* _RECORDS FOR THE TASK_:

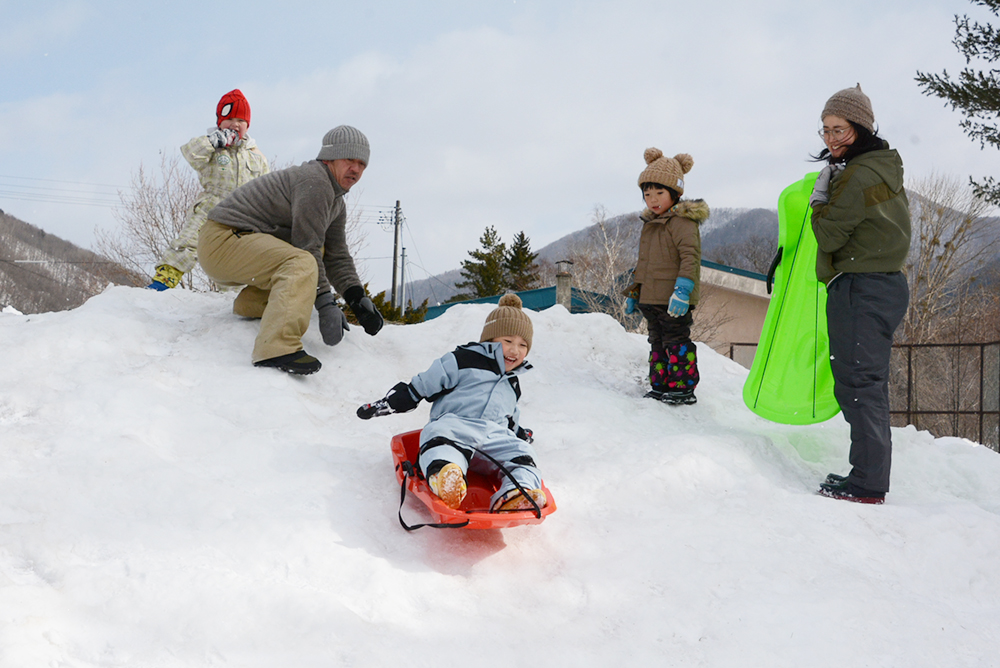 これは、同保育所父母の会(勢志康昌会長)が子どもたちに外で元気いっぱい遊んでもらおうと毎年造っているもので、この日は滑走面を整えようと集合しましたが、暖かい日が続いたことと前日に降った雨の影響により、あらかじめ積み上げた雪山の斜面がでこぼこになっていました。その結果、進行方向が定まらないことが楽しいようで、子どもたちは何度もそりで滑っていました。
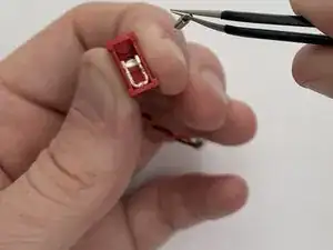 Осторожно подденьте небольшие металлические лапки, окружающие красный разъём переключателя, с обеих сторон с помощью металлической лопаточки.
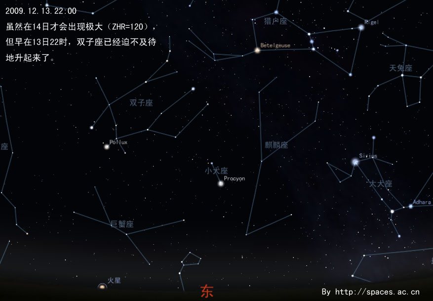 正是有了双子座流星雨的存在,才使得12月的夜空从来不乏亮点。与象限仪座流星雨、英仙座流星雨并称北半球三大流星雨的双子座流星雨不仅流量大,且十分稳定。同时,它还有亮流量多、观测效果好、极大时间长等特点。对于我们北半球中纬度地区来说,该流星雨辐射点在极大期间几乎整夜可见,午夜时分地平高度在 70度以上,可以称得上是全年观测条件最好的流星寸之一。而此时在南半球,黑夜本身就比较短暂,因此只有很短的时间观测条件较佳。双子座流星雨的活跃期并不太长,今年12月7日至17日间的夜晚,我们都有可能看到该群的流星。根据国际流星组织的预报,今年的极大可能出现在北京时间14日13时左右,ZHR 值可达120左右。通过对近20年双子座流星雨的观测,我们发现它的极大会持续两个小时以上。而且,对于比较暗弱的流星来说,较大流量甚至可以持续一天左右的时间。因此对于我国各地的天文爱好者来说,13日和14日两晚都是较为有利的观测时间,且今年双子座流星雨的极大恰逢农历十月廿七、廿八,黎明才会升起的残月对观测不会有影响。根据我们对前年双子座流星雨的观测结果分析,2007年基本没有月光影响,并出现了ZHR150以上的爆发。208年虽然月光影响严重,但在一个晚上我们仍观测到了上百颗流星,因此这个流星雨是非常值得大家观测的。
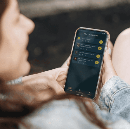 Piedaloties programmā, tu saņem pieeju Vox lietotnei, kurā katru nedēļu tiek publicēts vērtīgs, tavas komunikācijas izaugsmei noderīgs audio saturs un kurā vajadzības brīžos kalendāra sadaļā vari rezervēt sev individuālas konsultāciju sesijas.
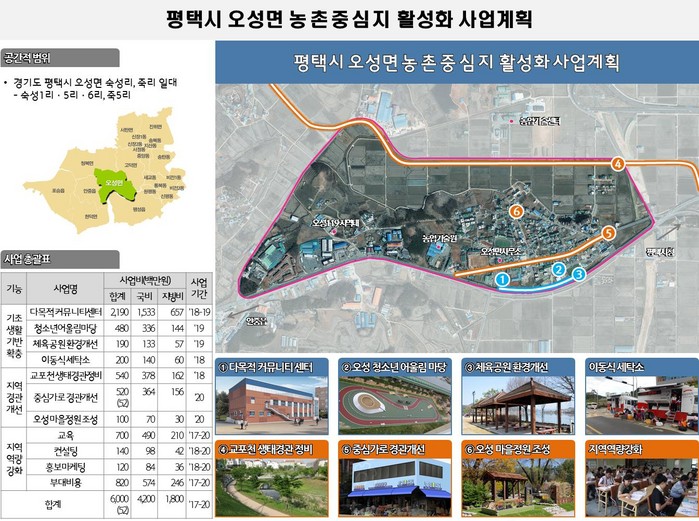 시에 따르면 지난 1월 경기도 및 농림축산식품부에 공모사업 계획서를 작성 제출했고 경기도 및 농림축산식품부의 발표 평가를 거쳐 9월초 기획재정부 3차 심의결과 오성면 농촌중심지 활성화사업, 팽성읍 대추리 창조적 마을 만들기(종합개발), 현덕면 덕목리 창조적 마을 만들기(중규모), 시·군 역량강화 등 4개 사업이 최종 확정됐다.

* _WHAT TO DO_: Pictures aside, retype the entries above exactly as they are.

* _YOUR RESPONSE_:
 これは、同保育所父母の会(勢志康昌会長)が子どもたちに外で元気いっぱい遊んでもらおうと毎年造っているもので、この日は滑走面を整えようと集合しましたが、暖かい日が続いたことと前日に降った雨の影響により、あらかじめ積み上げた雪山の斜面がでこぼこになっていました。その結果、進行方向が定まらないことが楽しいようで、子どもたちは何度もそりで滑っていました。
 Осторожно подденьте небольшие металлические лапки, окружающие красный разъём переключателя, с обеих сторон с помощью металлической лопаточки.
 正是有了双子座流星雨的存在,才使得12月的夜空从来不乏亮点。与象限仪座流星雨、英仙座流星雨并称北半球三大流星雨的双子座流星雨不仅流量大,且十分稳定。同时,它还有亮流量多、观测效果好、极大时间长等特点。对于我们北半球中纬度地区来说,该流星雨辐射点在极大期间几乎整夜可见,午夜时分地平高度在 70度以上,可以称得上是全年观测条件最好的流星寸之一。而此时在南半球,黑夜本身就比较短暂,因此只有很短的时间观测条件较佳。双子座流星雨的活跃期并不太长,今年12月7日至17日间的夜晚,我们都有可能看到该群的流星。根据国际流星组织的预报,今年的极大可能出现在北京时间14日13时左右,ZHR 值可达120左右。通过对近20年双子座流星雨的观测,我们发现它的极大会持续两个小时以上。而且,对于比较暗弱的流星来说,较大流量甚至可以持续一天左右的时间。因此对于我国各地的天文爱好者来说,13日和14日两晚都是较为有利的观测时间,且今年双子座流星雨的极大恰逢农历十月廿七、廿八,黎明才会升起的残月对观测不会有影响。根据我们对前年双子座流星雨的观测结果分析,2007年基本没有月光影响,并出现了ZHR150以上的爆发。208年虽然月光影响严重,但在一个晚上我们仍观测到了上百颗流星,因此这个流星雨是非常值得大家观测的。
 Piedaloties programmā, tu saņem pieeju Vox lietotnei, kurā katru nedēļu tiek publicēts vērtīgs, tavas komunikācijas izaugsmei noderīgs audio saturs un kurā vajadzības brīžos kalendāra sadaļā vari rezervēt sev individuālas konsultāciju sesijas.
 시에 따르면 지난 1월 경기도 및 농림축산식품부에 공모사업 계획서를 작성 제출했고 경기도 및 농림축산식품부의 발표 평가를 거쳐 9월초 기획재정부 3차 심의결과 오성면 농촌중심지 활성화사업, 팽성읍 대추리 창조적 마을 만들기(종합개발), 현덕면 덕목리 창조적 마을 만들기(중규모), 시·군 역량강화 등 4개 사업이 최종 확정됐다.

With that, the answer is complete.